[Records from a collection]
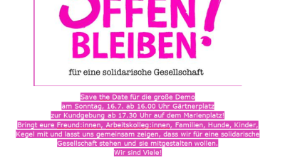 Mehr als 100 Organisationen und weit mehr als 200 Privatpersonen unterstützen die Kampagne „Offen bleiben“ (offen-bleiben-muenchen.de). Wie viele Menschen und Organisationen wollen auch wir als Ordensschwestern für Menschenwürde die Abschottungspläne der Bundesregierung und der EU nicht hinnehmen.
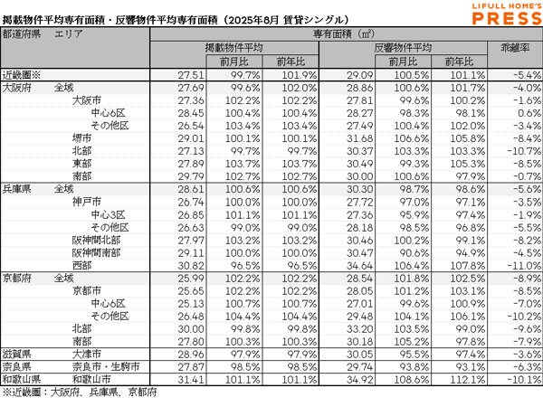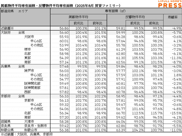2025年8月の近畿圏ファミリー向き賃貸物件の掲載物件平均専有面積および反響物件平均専有面積は以下の通り。
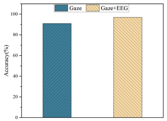 Figure 12 shows the interaction accuracy of the two methods. The multimodal interaction model we constructed has an accuracy of over 95% for each of the selected airplanes. The results show that the gaze+EEG interaction was superior to the gaze interaction.
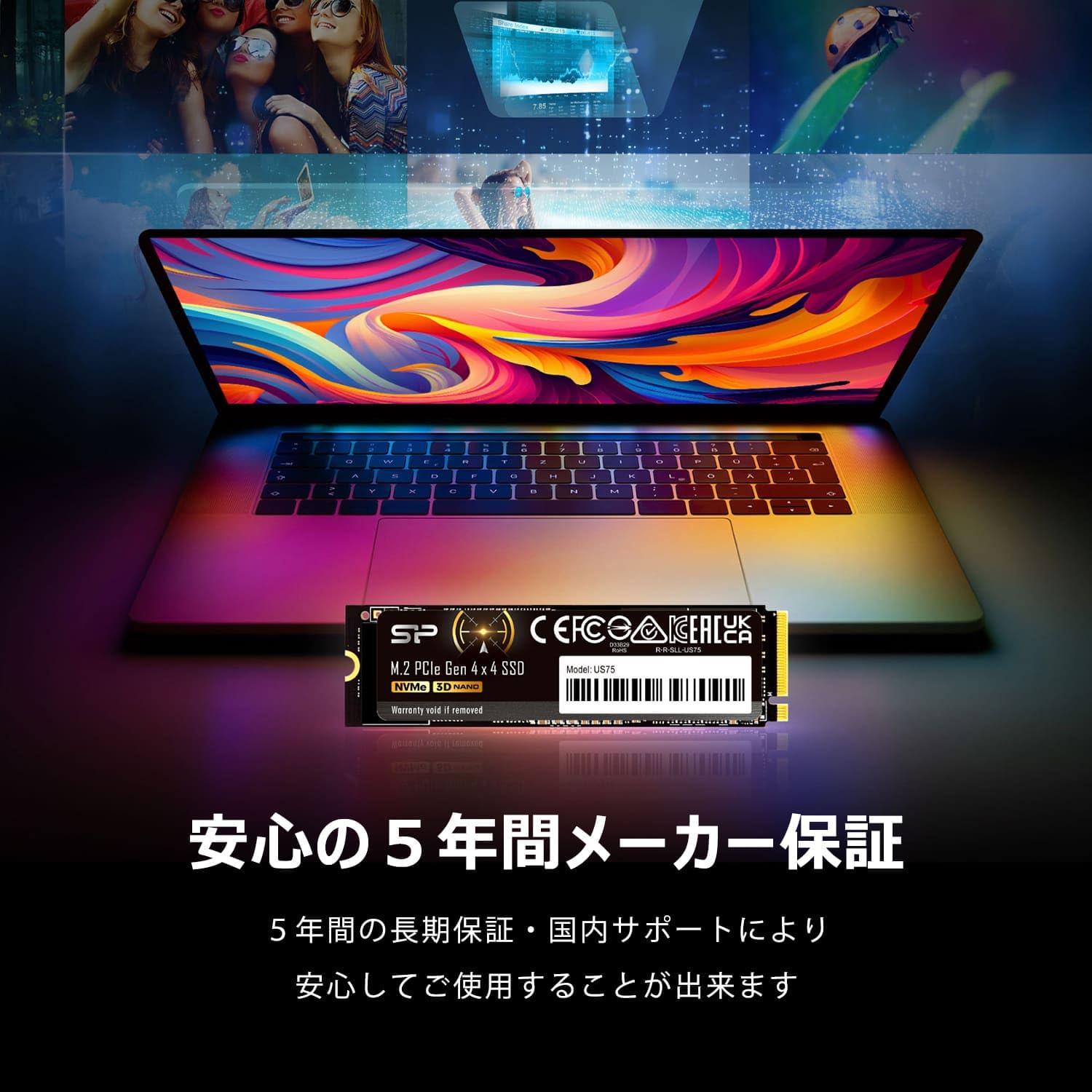 Silicon Power SP Silicon PowerSSD 4TB US75 Series M.2 2280 NVMe4.0 Gen4 PCIe M.2 Max Read 7000MB/s Max Write 6500MB/s 5 anni di garanzia SP04KGBP44US7505
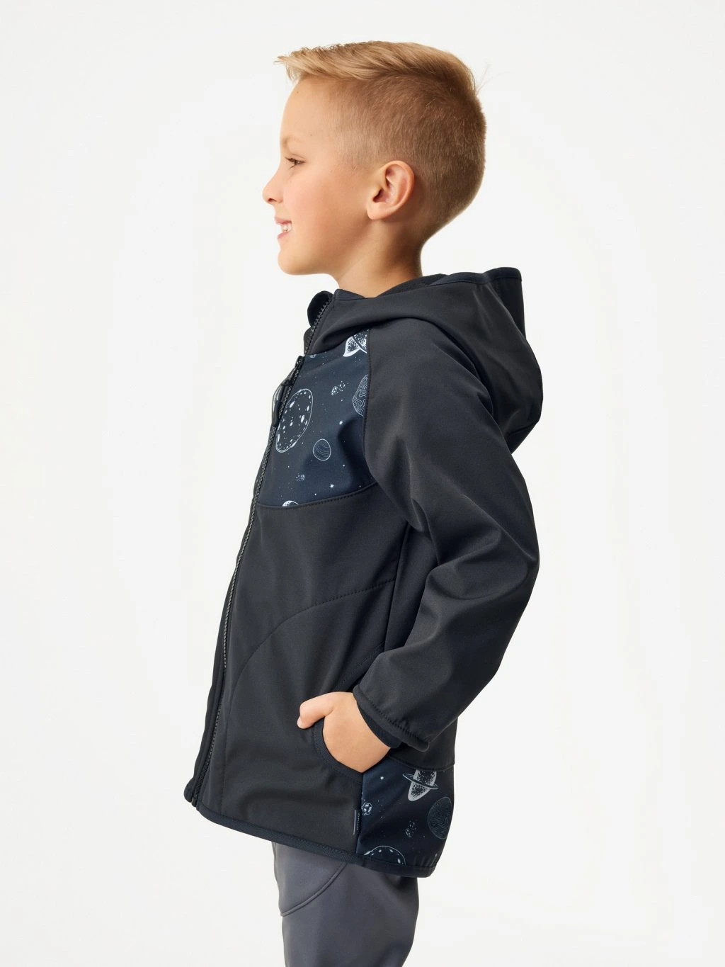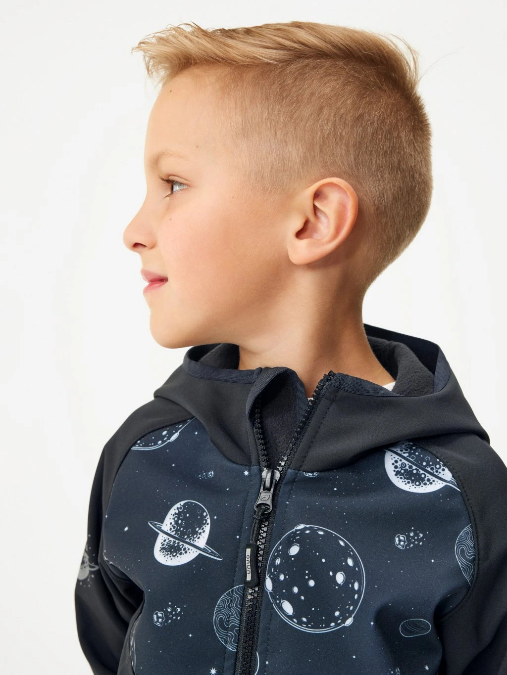 Vesmírná inspirace s potiskem planet přenese děti do světa fantazie a objevování. Softshellová bunda s fleecem a prodyšnou membránou je ideálním společníkem na podzimní a jarní dobrodružství – děti zůstanou v suchu a teple, a přitom se mohou volně pohybovat.
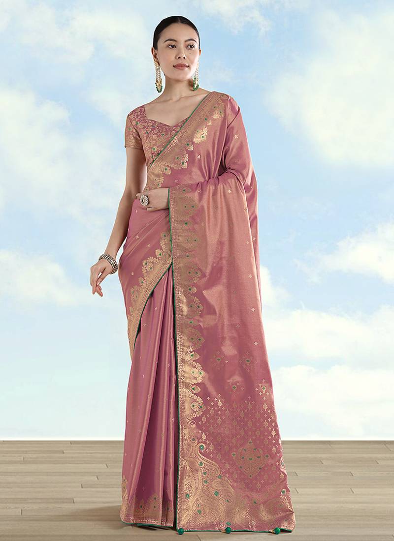 Light Pink Color Paisley Zari Woven Faux Banarasi Tissue Silk Saree
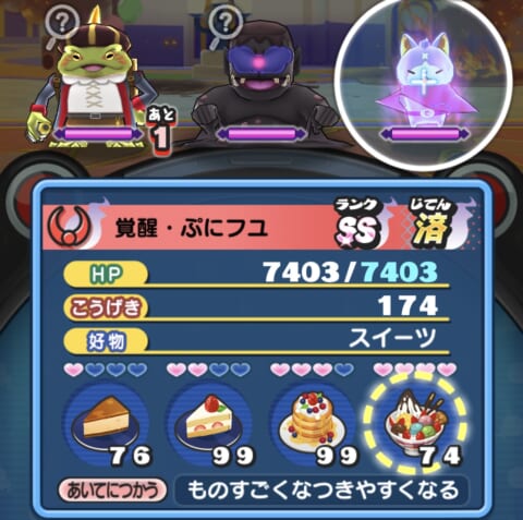 覚醒・ぷにフユこの好物はスイーツです。好物を与えて、なつき度を上げましょう。
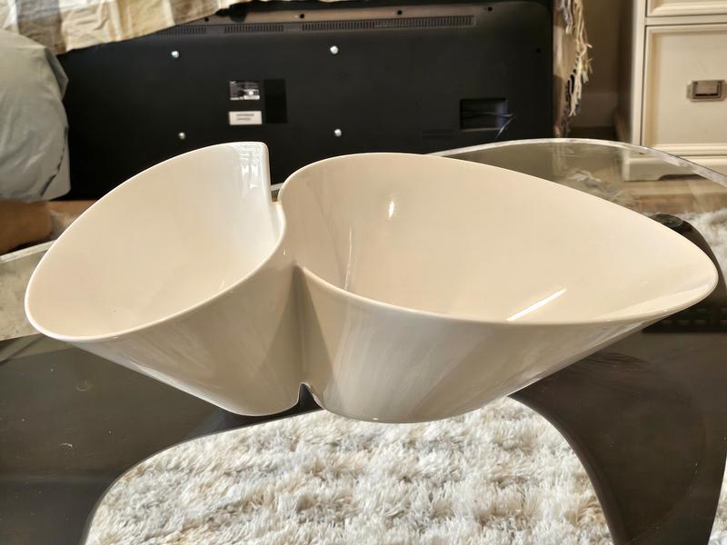 I've had this fluid double bowl for a number of years and still love its look. It is unique and looks great whether displayed on counter or table. It makes a statement empty, filled with fruit or decorations or even used to store small office supplies such as pens and small notepads. It's heavy and stable, never wobbly or prone to chips or beakage. Good purchase (and far less expensive a few years ago!).

*Task prompt*: Write out again, exactly, each line from the one containing "Silicon Power SP" through the last line of the entries, and omit every picture.

*Answer for the task*:
 Silicon Power SP Silicon PowerSSD 4TB US75 Series M.2 2280 NVMe4.0 Gen4 PCIe M.2 Max Read 7000MB/s Max Write 6500MB/s 5 anni di garanzia SP04KGBP44US7505
 Vesmírná inspirace s potiskem planet přenese děti do světa fantazie a objevování. Softshellová bunda s fleecem a prodyšnou membránou je ideálním společníkem na podzimní a jarní dobrodružství – děti zůstanou v suchu a teple, a přitom se mohou volně pohybovat.
 Light Pink Color Paisley Zari Woven Faux Banarasi Tissue Silk Saree
 覚醒・ぷにフユこの好物はスイーツです。好物を与えて、なつき度を上げましょう。
 I've had this fluid double bowl for a number of years and still love its look. It is unique and looks great whether displayed on counter or table. It makes a statement empty, filled with fruit or decorations or even used to store small office supplies such as pens and small notepads. It's heavy and stable, never wobbly or prone to chips or beakage. Good purchase (and far less expensive a few years ago!).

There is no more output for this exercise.